To change these config files, you can use the following commands:
$ sudo nano /etc/cassandra/cassandra.yaml
$ sudo nano /etc/cassandra/cassandra-rackdc.properties
Make the following adjustments in the cassandra.yaml file based on your setup:
cluster_name: This needs to be the same for all nodes in your Cassandra cluster.
hinted_handoff_throttle_in_kb: Only used prior to Cassandra 4.1. Set this to 10240.
hinted_handoff_throttle: From Cassandra 4.1 onwards, this option replaces hinted_handoff_throttle_in_kb. Set this to 10000.
max_hints_delivery_threads: Set this to 12.
authenticator: Set this to PasswordAuthenticator.
data_file_directories: The location(s) where you want to store the data.
auto_snapshot_ttl: This option is available since Cassandra 4.1. Set this to the desired time to keep the automatic snapshots. For example, to keep them for a day:
auto_snapshot_ttl: 1d
.seeds: The IP address(es) of all the seeds in your Cassandra cluster. Cassandra nodes use this list of hosts to find each other and learn the topology of the ring.
Tip
We recommend 3 seed nodes for every data center, preferably in different racks.
If the node is being added to an existing cluster, ensure that only existing nodes are configured as seed and that the other nodes are available and reachable (default port is 7000).
For example, in a cluster with IPs 10.11.1.72, 10.11.2.72, 10.11.3.72, 10.11.4.72, 10.11.5.72, 10.11.6.72, and 10.11.7.72 and one data center, you might have the following configuration:
- seeds: "10.11.1.72, 10.11.3.72, 10.11.6.72:7000"
listen_address: The IP address of the node.
listen_on_broadcast_address: Set this to true.
rpc_address: Set this to 0.0.0.0.
broadcast_rpc_address: The IP address of the node.
endpoint_snitch: Set this to GossipingPropertyFileSnitch
tombstone_warn_threshold: Set to 1000000. Cassandra warns in the Debug.log whenever there are more tombstones than this threshold. This provides a good indication of when the tombstone_failure_threshold might be exceeded.
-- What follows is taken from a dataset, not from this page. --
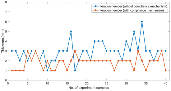 Figure 16 compares the machining efficiency according to numerous experiments conducted with and without the compliance mechanism. The iteration number of the grinding compensation process in each experiment is recorded. In addition, the test workpiece in the experiments was the medium propeller model and the abrasive belt was not replaced. We found that the robot needed one-six iterations to complete the entire grinding process to sharpen the propeller blade without the compliance mechanism, with a maximum of six iterations. The machining efficiency was improved by introducing the compliance mechanism as several processing uncertainties were eliminated during the grinding process. For example, the workpiece could be steadily machined in the initial grinding and compensation stages because the pneumatic cylinder was employed to adaptively adjust the contact position and provide a constant force, even though the unexpected variation in the curvature of the workpiece and improper longitudinal feed parameter were involved. To compare the experiments carried out with the compliance mechanism, the robot may need one-three iterations, with a maximum of three iterations, less than without the compliance mechanism. Our study demonstrated a substantial 40% increase in the machining efficiency by implementing the compliance mechanism. This enhancement was supported by a significant difference in the average number of iterations required with and without the compliance mechanism, 1.8 and 3, respectively.

tombstone_failure_threshold: Set to 2000000. Queries will fail if a record has more tombstones than the value set here. Increases of this value will slow down your reads but might be manageable depending on the use case.
Note
Tombstones are generated for each delete in the Cassandra database. The value of the tombstone_failure_threshold setting could influence data saved in an element. If an element has many updates on the same parameter in a short time span, this value might be exceeded, and saved data might not get displayed on the element card.
Make the following adjustments in the cassandra-rackdc.properties file based on your setup:
dc: The name of the data center where this node is located.
rack: The name of the rack where this node is located. These are logical racks and can be different from the physical racks.
prefer_local: Set this to true.
Important
To ensure even distribution of the replicas among the nodes within a data center, the replication factor should be a multiple of the number of racks. General practice is to put all nodes of a data center in one rack.
Start Cassandra and evaluate if the service is up and running.
To start Cassandra, use the following command:
$ sudo systemctl start cassandra.service
To check if Cassandra is running, use the following command (note that it can take a couple of seconds before the node is started):
$ nodetool status
If the node does note state UN (Up & Normal) in the nodetool status command, evaluate the logging. The logging is located at /var/log/cassandra/system.log.
Configure a superuser account that will be used by DataMiner to connect to the database. See Cassandra authentication.
Install and configure Cassandra Reaper on each database node. See Installing Cassandra Reaper.
Configure the Cassandra cluster database in System Center. See Configuring the database settings in Cube.
In this setup, the Cassandra database is not managed by DataMiner, so it is essential that you manage it yourself. See Maintaining a Cassandra cluster.